Arthur Stone's Flexatube can be turned inside out.
 
Printable Puzzle
The Flexatube's layout is a four-square strip.
It is a great and unique puzzle discovered in 1939. Martin Gardner in his Second Scientific American Book of Mathematical Puzzles and Diversions (1961),1 writes that Arthur Stone discovered the Flexatube somewhat accidentally working on a flexagon, and was very surprised with this discovery.

The one hardly can imagine a puzzle which is so simple to make, and so interesting and hard to solve as the Flexatube is. Actually, this is a simple paper tube - a paper cube without top and bottom faces. It can be folded along its edges and its faces' diagonals; all these lines should be previously pre-creased to have smooth folding. The object of the puzzle is to turn the tube inside out, folding it only along the lines between the triangles, and without any other bends, folds or other deformations of paper.

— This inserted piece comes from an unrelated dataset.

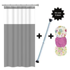 Kit Cortina Box Banheiro + Varão de cortina + 3 Toucas Cor: Cinza Kit Cortina Box Banheiro Antimofo PVC com Visor + Varão Extensível Suporte de cortina 90cm x 1,30m + 3 Toucas de Plástico para banho Transforme seu banheiro com o prático e funcional Kit Cortina para Box Banheiro Antimofo PVC + Varão Extensível Suporte de Cortina. Ideal para proteger o ambiente da água durante o banho, este conjunto combina uma cortina resistente e de fácil limpeza com um suporte ajustável para instalação simples e sem complicações. Características da Cortina: Material Antimofo: Fabricado em PVC de alta qualidade, resistente ao mofo e à umidade, garantindo maior durabilidade e higiene. Fácil de Limpar: Basta passar um pano úmido para manter a cortina sempre limpa e em bom estado. Tamanho Ideal: Cobertura ampla com visor para evitar respingos e manter o banheiro seco. Características do Varão Suporte: Extensível e Ajustável: Comprimento regulável para se adaptar a diferentes tamanhos de caixas ou espaços ajuste entre 90cm e 1,30m . Fixação sem Furos: Sistema que dispensa furadeiras, facilitando a instalação e evitando danos à parede ou ao azulejo. Material Resistente: Varão em alumínio com acabamento anticorrosivo, ideal para ambientes úmidos. Pontas Emborrachadas: Fixação segura sem riscos de danos superficiais. Características da Touca de Plástico Impermeável para Banho: Material: Plástico impermeável de alta durabilidade, resistente à água e ao vapor no banho Quantidade: Kit com 3 unidades de toucas para banho Dimensões: Diâmetro aproximado de 25cm, adequado para diferentes tamanhos de cabeça Elástico: Elástico reforçado e macio, ajustável para maior conforto e fixação sem apertar Reutilizável: Pode ser lavado e . Recomenda-se secar ao ar livre após o uso Uso: ideal para banho, tratamentos capilares e proteção contra umidade Benefícios: Praticidade Completa: Kit pronto para uso, com todos os itens necessários para a instalação. Durabilidade e Higiene: Cortina antimofo e varão resistente garantem um conjunto duradouro e de fácil manutenção. Estilo e Funcionalidade: Combina proteção contra respingos com um design moderno que valoriza o banheiro. Especificações Técnicas: Dimensões da Cortina: Aproximadamente 2m de altura x 1,40m de largura Dimensões do Varão: Por ser extensível vai de 90cm a 1,30m de largura. Conteúdo da embalagem: 1 Cortina PVC + 1 Varão extensível + 3 Toucas para banho Marca: Não Informado

There are several different correct solutions to the Flexatube found in different years by Arthur Stone, T. S. Ransom, Hugo Steinhaus,
David Mitchell,2 Stefan Louw, and myself,3 but anybody who managed to find even one solution to it can say how interesting and hard at the same time the solving process is.

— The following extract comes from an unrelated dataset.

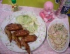 就活生の手羽先の唐揚げ+鮭のクリームパスタ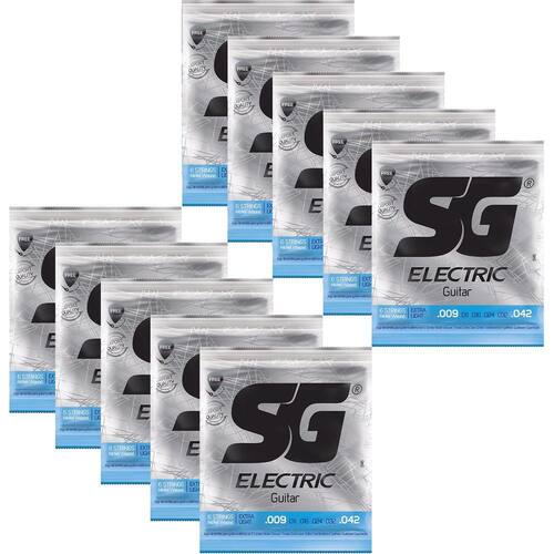 Encordoamento Para Guitarra ELÉTRICA De 6 Cordas Sg 5145 + Corda Mi (E) Extra + Palheta Os encordoamentos Sg foram desenvolvidos em parceria com grandes músicos de renome nacional e internacional, sendo fabricados no Brasil com a mais alta tecnologia e com as melhores matérias-primas nacionais e importados, sempre se preocupando e respeitando o meio ambiente. O Invólucro Anti-Corrosão Sg Strings, isola o encordoamento do contato com o oxigênio, impedindo que este apresente sinais de corrosão, preservando-o e garantindo seu brilho, pegada, sustain, afinação, e o timbre perfeito de seu encordoamento. Esta qualidade proporciona mais segurança para que o encordoamento possa ser estocado por mais tempo e quando aberto para utilização, ainda tenha o mesmo aspecto de como se tivesse sido fabricado e embalado no mesmo dia em que será usado. Especificações: - Primas em aço estanhado cilíndrico. - Bordões com revestimento de aço niquelado Nps e núcleo hexagonal de aço estanhado. E (Mi) - 009 B (Sí) - 011 G (Sol) - 016 D (Ré) - 024 A (Lá) - 032 E (Mi) - 042

A very surprising fact is that the very first solution of the Flexatube has an intermediate step (exactly in the midway) where the Flexatube changes into... its smaller copy - a small cubical tube! Great tube-reducing trick!

Because of its external and internal elegancy and mathematical harmony the Flexatube can be considered as one of the best puzzles ever.

To solve the Flexatube you can easy make it, using provided image of the unfolded puzzle. First, print the Flexatube layout. For this, click the image at left; it's marked with our special "printable puzzle" pictogram. You will go to a new window with the Flexatube layout; then you can print and cut it out. Then carefully pre-crease and pre-fold the puzzle strip along all dotted lines. And, finally, paste together two opposite ends of the strip; the gray flap is the place for glue.

Note that you can print the puzzle for your own use only, and not for any kind of commercial profit.
References
     1) Martin Gardner, The Second Scientific American Book of Mathematical Puzzles and Diversions, Simon & Schuster, New York, 1961; republished in 1987 by University of Chicago Press, Chicago.
(Chapter 2, "Tetraflexagons," pp. 24-31, describes Arthur Stone's Flexatube and one solution to it.)
     2)
David Mitchell, Paperfolding Puzzles, Water Trade, Kendal, 1998.
(It is a small but fascinating book with plenty of folding puzzles! It presents several different solutions to the Flexatube.)
     3)
Serhiy Grabarchuk, Age of Puzzles: Paperfoldings, Serhiy Grabarchuk Puzzles, 2005. (It shows my original solution of 1978 to the Flexatube.)